Woooohoooooo!!!! And we will eat sushi till we pass out!!! 


Sent from Petguide.com Free App


----------



## Indiana (Sep 11, 2011)

They're really cute! I love the faces and ears. My two are both 62 lbs, and Maddy is only 24" at the shoulder (2 inches shorter than Indy)! She's turning into a chubber, and it's just metabolism now that she's spayed because she's way more active than Indy. Anyway I think your two are sweet and it's nice to see how much Apollo loves being clipped short


----------



## MollyMuiMa (Oct 13, 2012)

Awww! You are right, they ARE nekkid! But it'll be better in less than two weeks I bet!
Besides, it's Lou and Apollo, and nothing could distract from them just being doggone cute, in any way, shape, or form!!!! :^)


----------



## Lou (Sep 22, 2012)

Thanks guys!!! 

And I'm intrigued ... Today they've had about 5 times the amount of energy they normally have! They bounced around, wrestled, ran and played ALL DAY LONG pretty much, they took one quick nap.
Also they seem sooooo much faster when they run!!!!
They look like greyhounds with poofy heads!! Hahahaha!!! Especially Lou, I'm going to try a film it, I throw the ball and vrooooom!!! She Disappears! It's quite amazing! Even though it was 26 degrees at 9pm they were trying to drag my coat to me so I'd go play fetch with them outside! (They act all happy when I put my coat on and walk toward the backdoor , it can only mean 1 thing  they are so smart! )

Oh! And they do not seem tired!! before they were shaved after playing fetch Lou's breathing pattern would be so fast like her chest was vibrating!! Now they breathe slowly after playing fetch, no crazy panting like before 

Is it ok for them to exercise about 3 times more than normal? Do you think they might lose weight? 

Maybe it's gonna be like this just for the first few days cause they feel so much better without all that matted hair... Hope so 


Sent from Petguide.com Free App


----------



## BorderKelpie (Dec 3, 2011)

They look comfortable and happy. Greyhounds with poofy heads - LOL

As far as a local groomer, try to pm mom24doggies, I do believe she's in that area and she did a wonderful job on my Buggie Boy - I swear he had a crush on her. She's gentle and sweet and very talanted. I think she's pretty awesome. 

(glad you're feeling better.)


----------



## Wren (Jul 2, 2013)

*Lou and Apollo*

Perhaps they have more energy, or are able to be active longer, because without so much hair they aren't getting warm/hot as quickly.

I know this was true of my dog. Whenever we let his hair get longer than we usually kept it, he seemed to be able to be active for a longer time after a good clipping.

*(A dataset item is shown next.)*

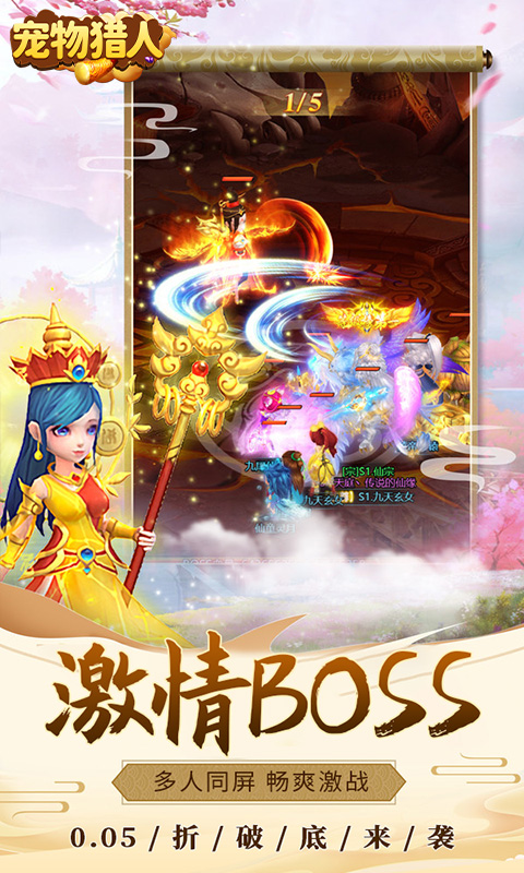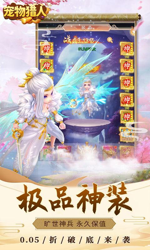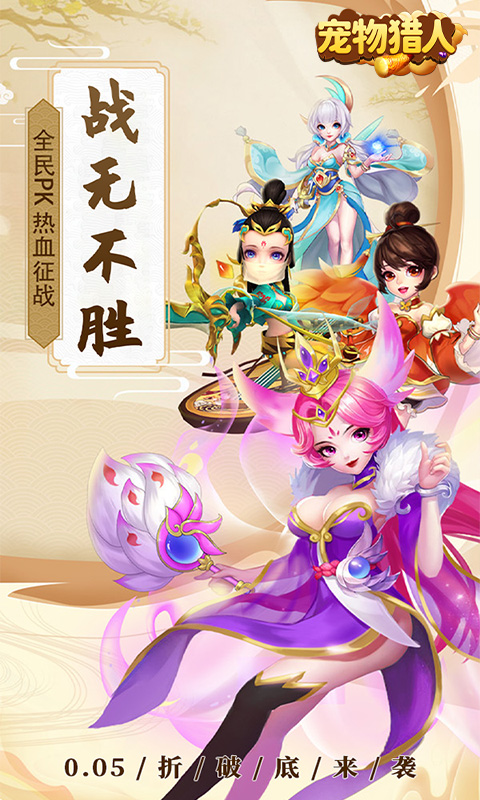 《宠物猎人(0.05折扣版)》是一款以战力养成为主,集合成宠物收集养成、PVE副本探索、PVP单区宗主,连服宗门,跨服争皇等玩法的H5国风Q版放置回合制手游!乖萌可爱,勇武有力,各具特色的几十种类型宠物皆可通过游戏内玩法免费获取,每种宠物都拥有专属的技能保驾护航!画风清丽脱俗,战斗刺激带感,还有丰富多样的游戏玩法,无论是PK,竞技还是副本开荒,亦或是悠闲地交友聊天都可以发现许多乐趣,让你在愉快的游戏中和万千仙友一起轻松修仙。

Obviously, for whatever reason, they are enjoying their grooming. Cute.


----------



## Lou (Sep 22, 2012)

Wren said:


> Perhaps they have more energy, or are able to be active longer, because without so much hair they aren't getting warm/hot as quickly.
> 
> I know this was true of my dog. Whenever we let his hair get longer than we usually kept it, he seemed to be able to be active for a longer time after a good clipping.
> 
> Obviously, for whatever reason, they are enjoying their grooming. Cute.

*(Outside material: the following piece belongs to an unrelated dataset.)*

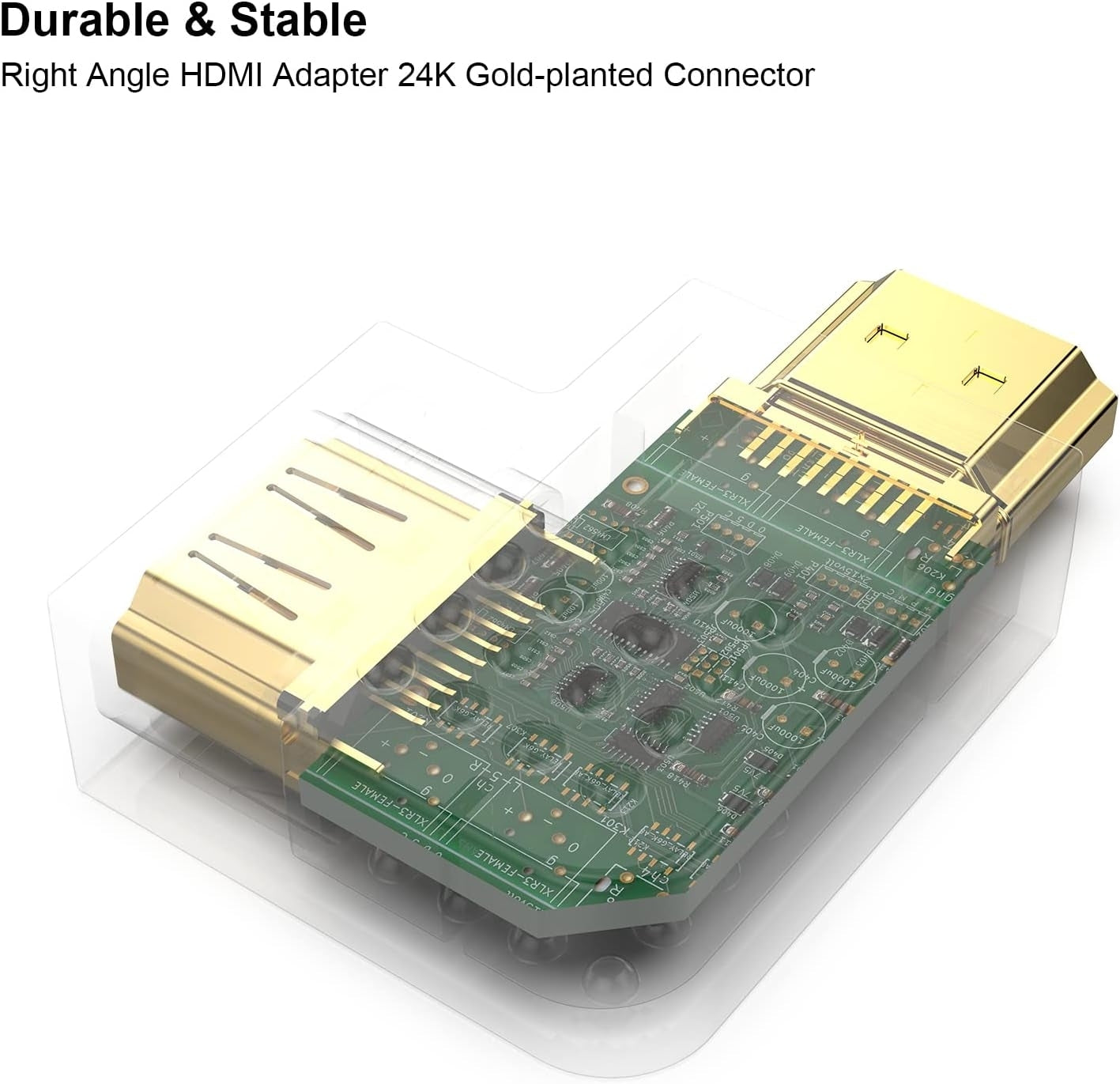 Providing the flexibility without risking of bending your HDMI cables excessively which may damage the cable or the ports on your expensive equipment, this adapter effectively protects devices been damaged by multiple plug & unplug, extend lifespan of devices and hdmi cable.

Thanks, I'm glad to hear this happens to other dogs too 


Sent from Petguide.com Free App


----------



## Lou (Sep 22, 2012)

A CUTE PICTURE TO SHOW THE "HAIRCUT" 

Lou looks taller than Apollo, but it's just because they left more hair on her head than his. They are the same size!

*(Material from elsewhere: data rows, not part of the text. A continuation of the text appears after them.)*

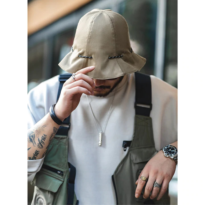 カーキ色×ブラック色の気分に合わせて使えるリバーシブル仕様になっています。更に、調整できる紐が付いていて、引き締めることで簡単なウォレットの形になる機能性満載のバケットハット。
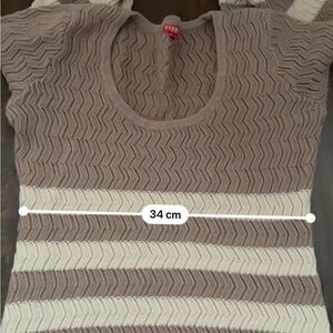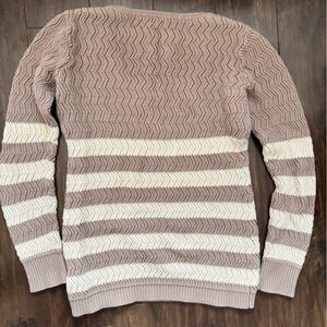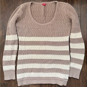 Chic taupe/beige and cream stripes. Soft knit fabric. Ideal for casual wear. US XS. Very cozy, scoop neck, great condition
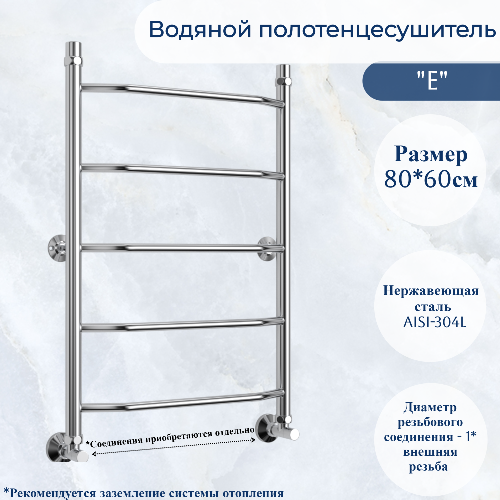 Полотенцесушитель Водяной юрма "E" 80/60см из нержавеющей стали информация:

Sent from Petguide.com Free App


----------



## Tiny Poodles (Jun 20, 2013)

They are as adorable and beautiful as they always are!


Sent from Petguide.com Free App


----------



## N2Mischief (Dec 3, 2012)

I know I always say this, but I just love their noses!


----------



## Lou (Sep 22, 2012)

N2Mischief said:


> I know I always say this, but I just love their noses!


You are welcome to say it as many times a you'd like, I love hearing it!!  haha! I truly love their noses too they are sharpie black and the lips are black too! Their coats are also entirely 1 uniform shade of color, white and apricot and even Lou's ears are the same shade as her body, I don't know much at all about show poodles and how their body/head/ears/muzzles are supposed to be etc but I think they are just gorgeous and I just love admiring their beauty. That's why I take so many pictures hahaha  I'm just crazy about them, and their wonderful personalities and behavior ...... I could go on and on, to me they are perfect


----------



## Manxcat (May 6, 2013)

Awwww! They're just gorgeous! 

Pippin got the same treatment in the summer and she loved her short cut! She was bouncing around and you could almost hear her going "Phew, that's gooooood!" lol.

I am a big fan of the short cuts, as I find them so much easier to look after and love the un-boofed "natural" look that Lou and Apollo have.


----------



## Lou (Sep 22, 2012)

Ok... I TOTALLY OVERDID IT with this batch of pictures HAHAHAHA!! 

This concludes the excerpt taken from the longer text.